The Difference Between a Direct Auto Loan and Indirect Auto Financing

When shopping for a new car, you could be faced with a lot of decisions. Make. Model. Price. Number of cup holders. But if you need to borrow money, the type of auto financing you get could be the most important decision of all.

Two common options include direct auto loans and indirect auto financing. To see which could be best for you, here are the definitions and differences:

Direct auto loan

A direct auto loan is when you apply for a car loan at a bank, credit union or other lending company. Like most installment loans, you may need to provide documents like proof of identity, proof of residence and proof of income.
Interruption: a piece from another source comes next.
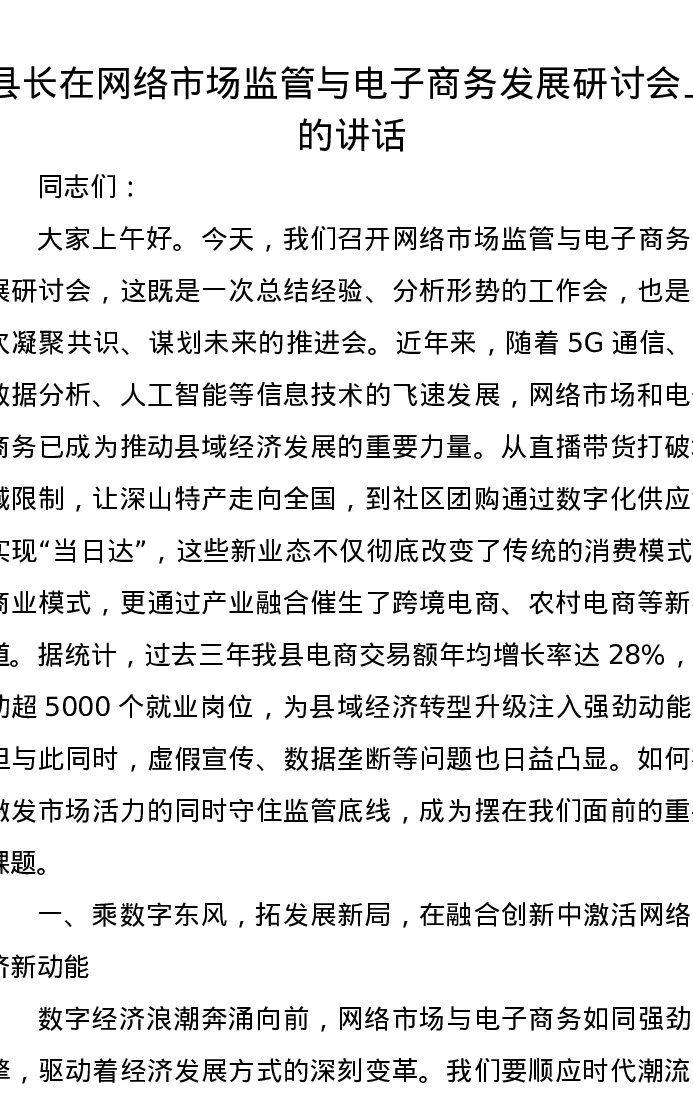 县长在网络市场监管与电子商务发展研讨会上的讲话

Direct auto loans are typically processed in a branch, but some lenders do let you check to see if you’re prequalified and/or apply online, which can save you time and effort.

While finding a lender to loan from could be done after you find a car, there are several benefits to getting a direct auto loan before you shop. First, you’ll know the amount you’re approved for when you start looking. This can help narrow down your choices. Second, you know you can afford the monthly payment, so you won’t be getting in over your head. And last – you’re in control.

Think about it. Whether you shop online or at a car lot, you’ll be in the driver’s seat of the deal. All you have to do is introduce yourself and say, “This is what I’m preapproved for. What can you do for me?”

Indirect car financing

An indirect auto loan is financing you get through the dealer, their lending partners or another financial institution. The process typically starts after you’ve found a car at a dealership. Your salesperson will take you back to their desk and offer you a price. Once you come to an agreement on a price, they help you fill out your application and make sure you have all the required personal and financial documents. This is when they can gain the upper hand.

To get a car loan, you must give the dealership permission to run your credit. Depending on your score, they may run your credit with several different lenders to get you approved or find the best rate. Once your results are ready, the salesperson will present them to you. Even if you don’t like the terms or interest rate of the available auto financing options, those may be your only choices if you want to buy that car from that dealership.

How they’re different

Here are some of the main points of how these two auto financing options differ:

When you can get the loan Before or after you’ve found the car you want. After you’ve found the car you want.
Where you can get the loan Directly from a bank, credit union or other lending company. Through a dealer, their lending partners or another financial institution.
Potential credit inquiries You choose how many loans you apply for. The dealer or lender can run your credit several times.
Personal time spent It could take a lot of time to find the best lender. It might be fast since all loans are searched at once.
Level of control You’re in full control. You share control with the salesperson or dealer.

Do what makes sense for you

Getting an auto loan can be a lot like choosing the car you want. One person may like the ease of going through a dealership and handling everything at once. The next person might prefer a different route, like a personal loan for auto financing, that puts you in control from the beginning. No matter what road you take, making an educated decision is a smart way to go.